Lossless compression is usually performed with a two-step algorithm. First, the image is transformed to reduce the inter-pixel redundancies. Then coding redundancies are removed with an entropy encoder. Decompression of an image encoded with a lossless algorithm perfectly reconstructs the source image. The process of lossless compression and decompression looks like this:
Lossless image compression techniques include the following groups of algorithms:
- Run-length encoding, or RLE, reduces the number of repeated pixels in an image. The repeated pixels are substituted by a number indicating how many times a pixel of a certain color is repeated and the intensity of each pixel. This algorithm is commonly used for encoding grayscale images like fax machine messages. It’s used by default in such file formats as PCX and is one of the possible encoding techniques for BMP, TGA, and TIFF.
- Entropy encoding is the process of encoding a source image when each image block is assigned the smallest probable codeword. The length of each codeword is proportional to the negative logarithm of probability. The two most commonly used algorithms for entropy encoding are Huffman coding and arithmetic coding. The Huffman coding algorithm is based on assigning shorter codewords to more frequently used pixels, thus reducing the overall size of the image. During arithmetic coding, an image is encoded as a whole new symbol instead of separable symbols and is represented as a range defined by two numbers.

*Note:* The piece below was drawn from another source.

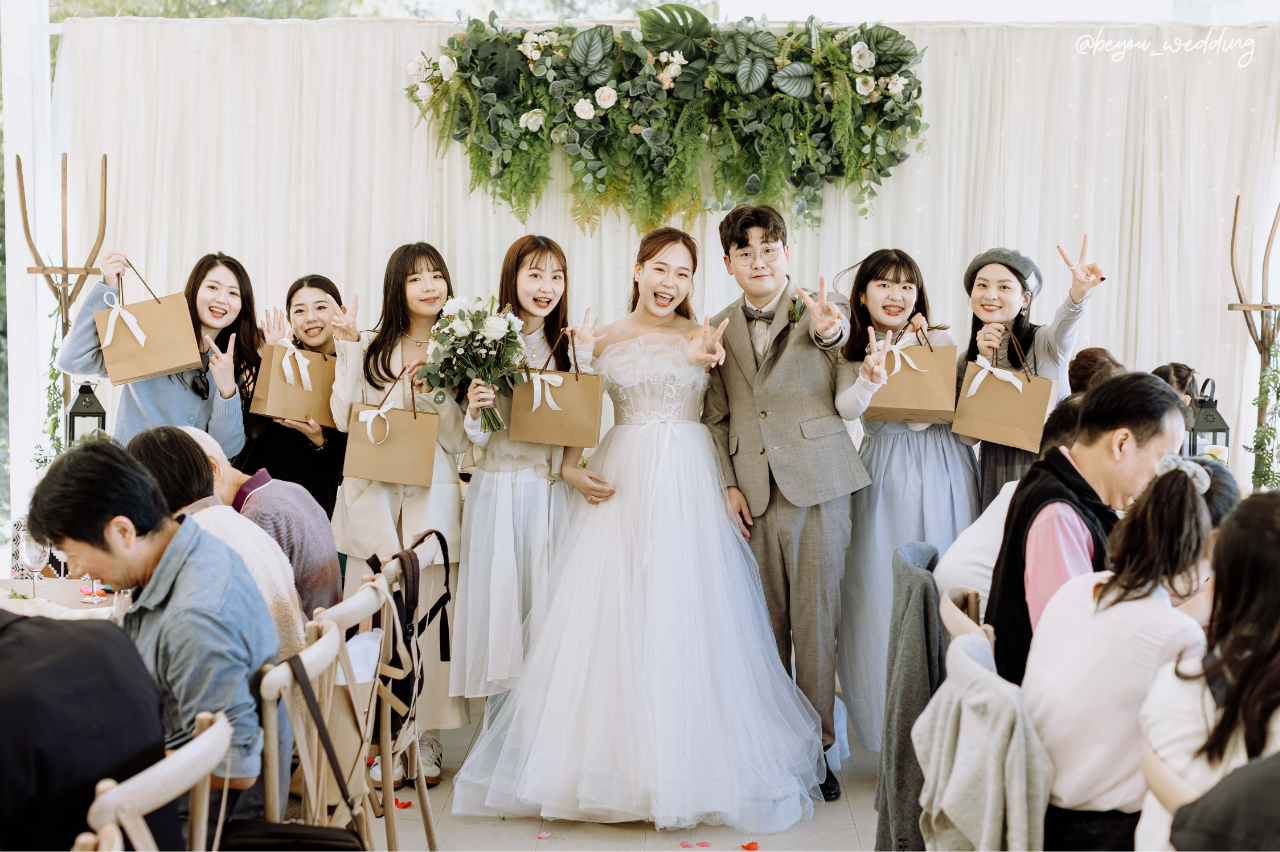 針對比較害羞的朋友可以將要給的禮物放在位置上或是放在新娘房裡交給好姐妹。若為比較敢上台的朋友,可以搭配捧花活動將禮物贈送給身旁的好姐妹。

- Dictionary-based coding is performed using a pointer or index in the dictionary. This technique is only applicable to picture that generate a relatively small number of patterns or symbols quite frequently. The most common dictionary-based compression algorithms are Lempel-Ziv-77 (LZ77) and Lempel-Ziv-Welch (LZW), which are used in the GIF and TIFF file formats. DEFLATE is a compression method that combines the LZ77 algorithm with Huffman coding. It’s applied to PNG images as well as ZIP and GZIP image formats.
Lossy image compression is accomplished by removing data from the source image in exchange for increased compression. It’s used for pictures where some data loss can be tolerated. This class of image compression methods exploits both code and inter-pixel redundancies as well as properties of psychovisual perception.
Decompression of a lossy encoded image retrieves data different from the source image. Image file formats that use lossy compression include JPEG, TIFF, MNG, and PGF. The process of lossy encoding and decoding looks like this:
Lossy image compression techniques include the following groups of algorithms:
- Predictive coding is based on eliminating inter-pixel redundancies, which allows for extracting and encoding only the new information in each pixel by using an identical predictor. This predictor generates the anticipated values of new pixels based on their previous inputs. Predictive coding includes such algorithms as differential pulse-code modulation (DPCM).
- Transform coding is performed by packing the image data into a small number of coefficients that are further quantized to take up less storage space. A fourier-related transform such as discrete cosine transform or wavelet transform is applied during this type of image encoding. During a discrete cosine transform, the picture data is converted into a sum of sinusoids of varying magnitudes and frequencies. Wavelet transform decomposes the signal into a range of wavelets, splitting the picture data into different frequency components and investigating them with a resolution matched to their scale. The most popular picture format using wavelet transform is JPEG 2000.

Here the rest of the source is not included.